Roundup: A Pollyanna about Tuesday’s outcome

I have not said much about the American election because not my circus, not my monkeys, and I really can’t get worked up about a contest I have no say in, however, comments made by the US ambassador to Canada this weekend have utterly boggled my mind. “I firmly believe that regardless of the outcome of the election, the United States is going to remain the most durable democracy in the world,” David Cohen said, and went on about how democracy will “easily” survive whatever the outcome of that election.

No. America has been teetering on the brink of autocracy for a while now, and while I get that his job is to be blandly reassuring as the ambassador, this just smacks of being a giant Pollyanna. And for Canada, where so much of what happens in the US leaks over the border and affects our politics here, those autocratic impulses are not far behind either. We already have provincial governments using tactics lifted directly from the authoritarian playbook, as is Pierre Poilievre, and he’s not shy about it either. And if America stops defending other democracies around the world under an autocratic regime, things are going to get very difficult indeed as these democracies are under threat from Russia and other autocratic actors who want to break them in order to show their own populations that democracy doesn’t work, so better to suck it up and live with the corruption of their autocratic states. And then there is Trump’s vision of NATO as a protection racket, that he fully intends to upend, and already Viktor Orbán is salivating at the thought of a Trump victory handing Ukraine to Russia, destroying a democracy the way he has been doing in Hungary.

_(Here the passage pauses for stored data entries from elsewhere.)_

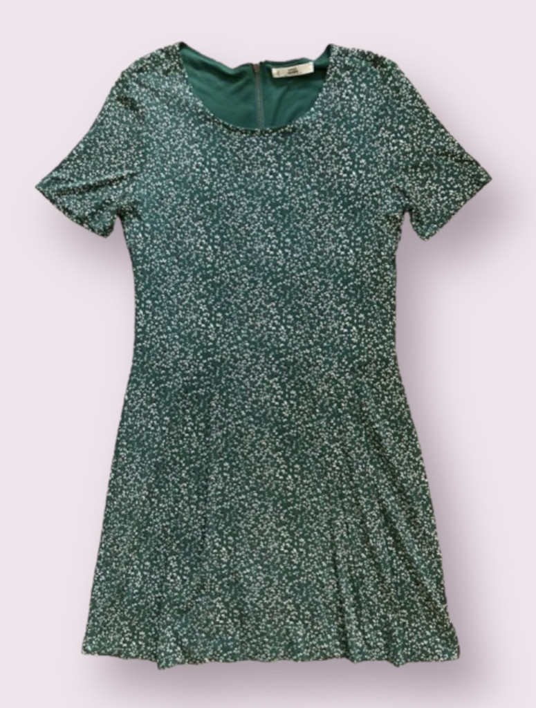 Zöld alapon apró virágos, bélelt ruha S-es méretben.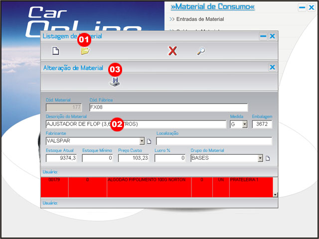 Para alterar o cadastro de um material, siga os seguintes passos. |
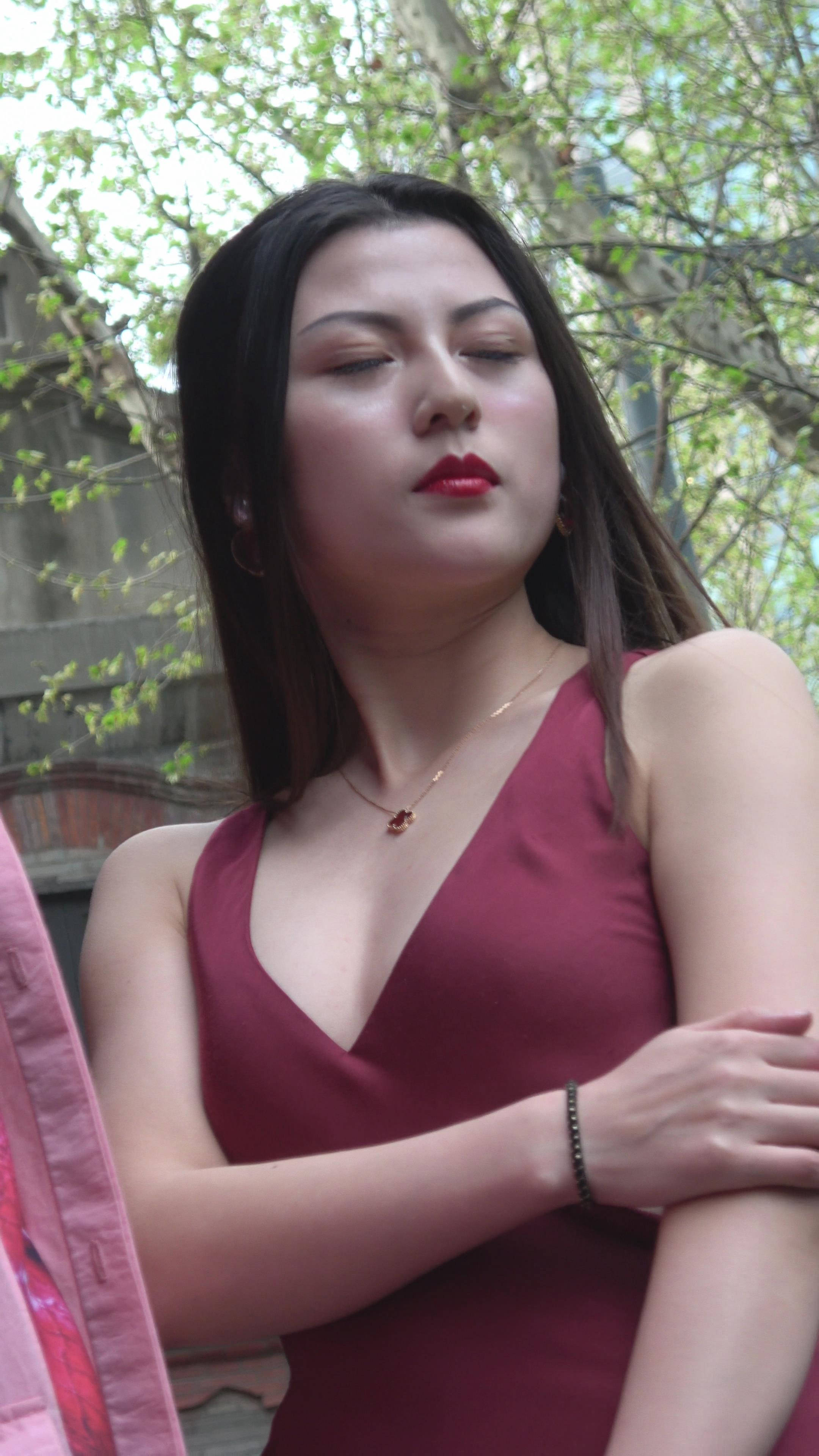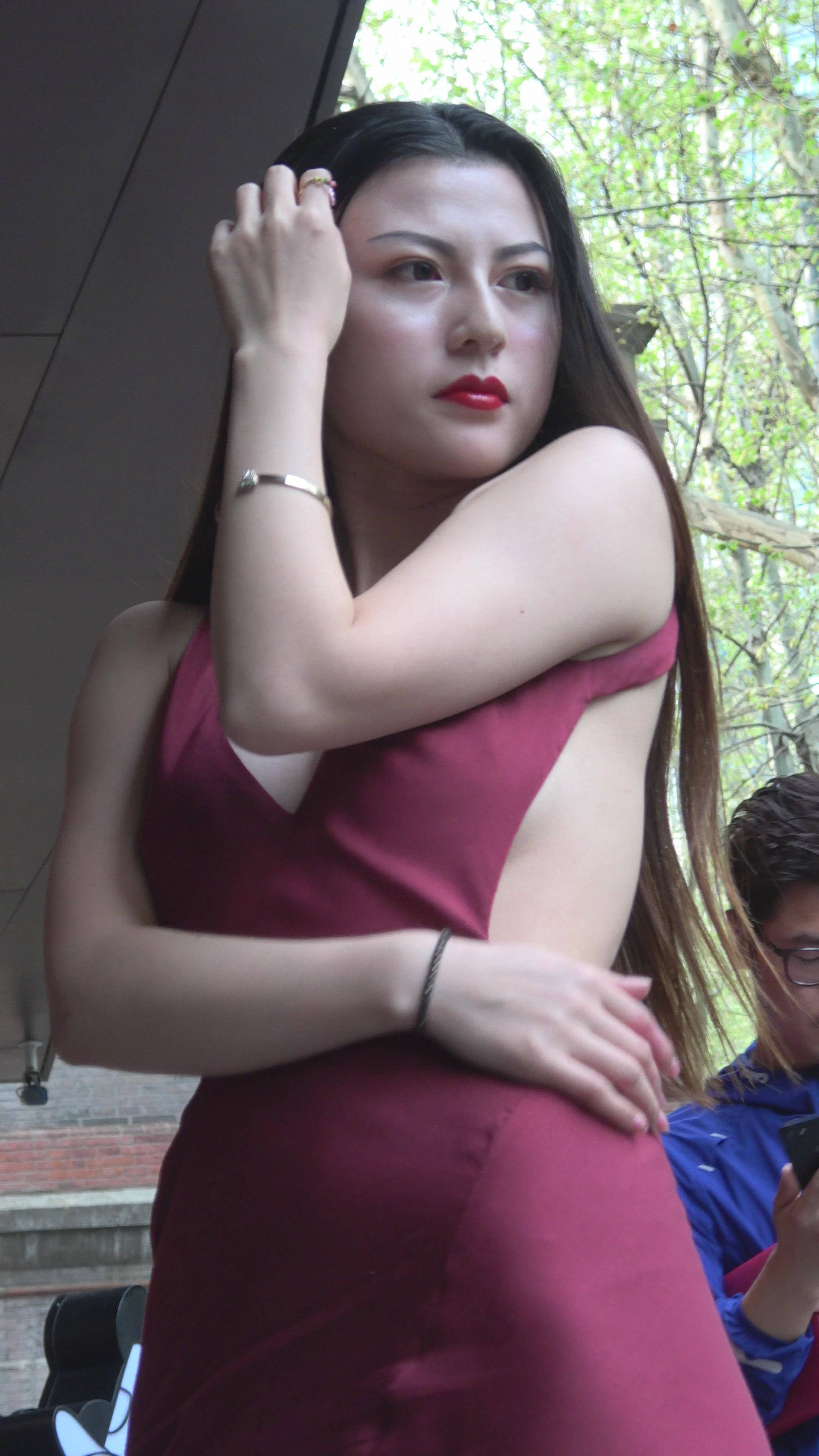 4K - 深V红裙街拍高跟性感美女摆拍 编号7759

There will be consequences, and I don’t think it helps anyone for Cohen to shrug it off like that.

Ukraine Dispatch

A Russian guided bomb hit a supermarket in Kharkiv, injuring at least five. Ukrainian forces destroyed 66 out of 92 Russian drones sent into the country overnight Saturday, and fortunately, no casualties were reported. Russians have also taken control of the village of Vyshneve in the Donetsk region, while Ukrainian forces hold back one of the most powerful offensives since the start of the invasion.

Good reads:

  • All party leaders are condemning an attack on a Brampton Hindu temple over the weekend by what appears to be Khalistani extremists.
  • The government has extended their pledge-matching for aid to Lebanon until November 17th.
  • The Star looks at how personal relationships at the top levels may impact whatever happens with Canada after Tuesday’s US election.
  • CSIS has been tracking the flow in intelligence across government and partner agencies as a way of finding the leaks to media.
  • The RCMP are planning to use fake personas online to track ideological extremists, but civil liberties groups worry that they could cause more problems.
  • Here is a look at how Canada could adopt more European-style housing techniques to help solve the current crisis.
  • The labour dispute at the BC ports could lead to a lock-out this week.
  • Danielle Smith survived her leadership review with a 91.5% vote, but she had to pander so hard to her party’s lunatic base to get there, which isn’t sustainable.
  • Kevin Carmichael looks to historical examples of short-sighted budgeting in order to ponder how to build a more resilient Canadian economy.
  • Susan Delacourt ponders the reasons why American-style polarization has been creeping across the border into Canada.
  • Delacourt and Matt Gurney debate Poilievre’s assertion that it wouldn’t be “fair” for Liberals to get a new leader in advance of the next election.
  • My weekend column points out how easy it would be for the Liberals to expose Poilievre as a liar on his economic credentials, but they just don’t bother.